W latach 2007-2010
- berlińska gazetka nazywała Prezydenta RP „kartoflem”,
- premier deklarował ”Nie potrzebuję prezydenta”,
- szef Kancelarii Premiera odmawiał samolotu,gdy prezydent chciał, jako głowa polskiego państwa, wziąc udzial w szczycie Unii Europejskiej,
- Marszalek Sejmu żartował życzliwie, co to za zamach, skoro z 30 metrów nie trafili,
- Przebrany za angielskiego dżentelmena polityk wołał na partyjnej konwencji „Niech żyje były prezydent” ,
- Inny, naśladujący ruskiego buca, polityk nazywał prezydenta „trupem na wrotkach”,
- Jeszcze inni, a było ich legion, nazywali go mściwym i niedorozwiniętym ponurakiem, dziwolągiem i durniem.
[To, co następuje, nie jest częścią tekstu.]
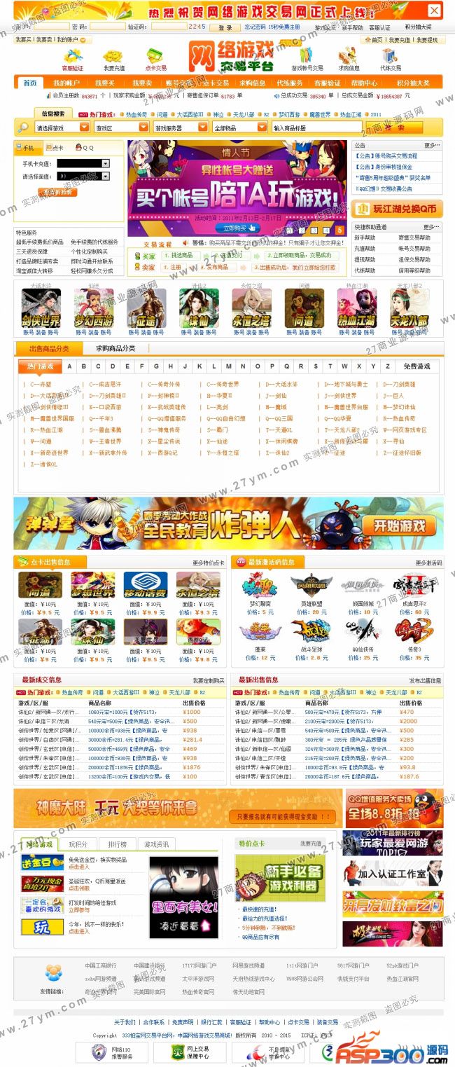 最新仿5173游戏货币交易平台,5173橙色风格源码,点卡销售平台网站源码

Padały również inwektywy, przed cytowaniem których powstrzymam się, ze względu na ich wulgarność.
Wtedy wszyscy członkowie i zwolennicy Platformy Obywatelskiej deklarowali „Je suis Charlie”, bo „swoboda wypowiedzi jest najważniejszym prawem człowieka”.
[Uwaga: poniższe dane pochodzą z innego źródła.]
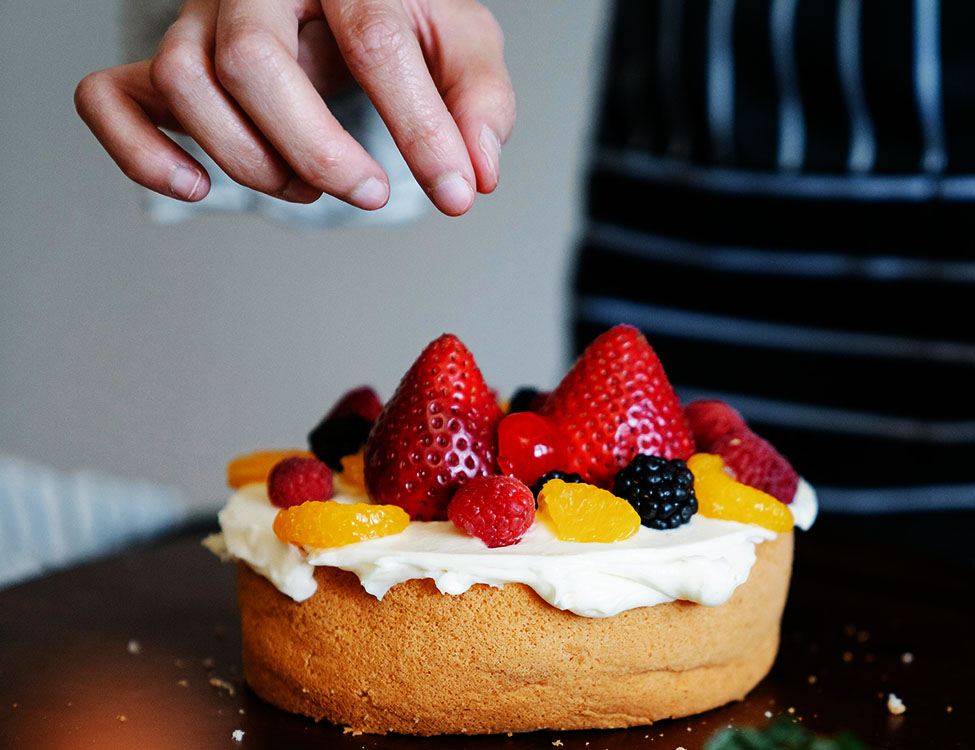 Hand reaching onto berry cake

Tymczasem wczoraj, 7 lutego 2015 roku dziennikarz Łukasz Warzecha powiedział w jednym z telewizyjnych programów takie oto zdanie:
„Zestawienie tej sobotniej konwencji Andrzeja Dudy i piątkowego wystąpienia Bronisława Komorowskiego to tak, jakby zestawić, i takiego porównania użyję w jednym ze swoich tekstów, najnowsze porshe 911 ze starym klepanym polonezem”.
I podniósł się lament i wrzawa.
Jaki z tego Warzechy brzydki chłopiec („umiał zawsze ciotce dopiec”).
Tak mógł się zachować jedynie wredny pisowiec, bo oni niczego nie uszanują.
Upadek norm, obyczajów, wulgaryzacja i zanikanie tzw. „świętości” to codzienność, polska, nie tylko medialna, rzeczywistość – zachlipał jeden z blogerow S24.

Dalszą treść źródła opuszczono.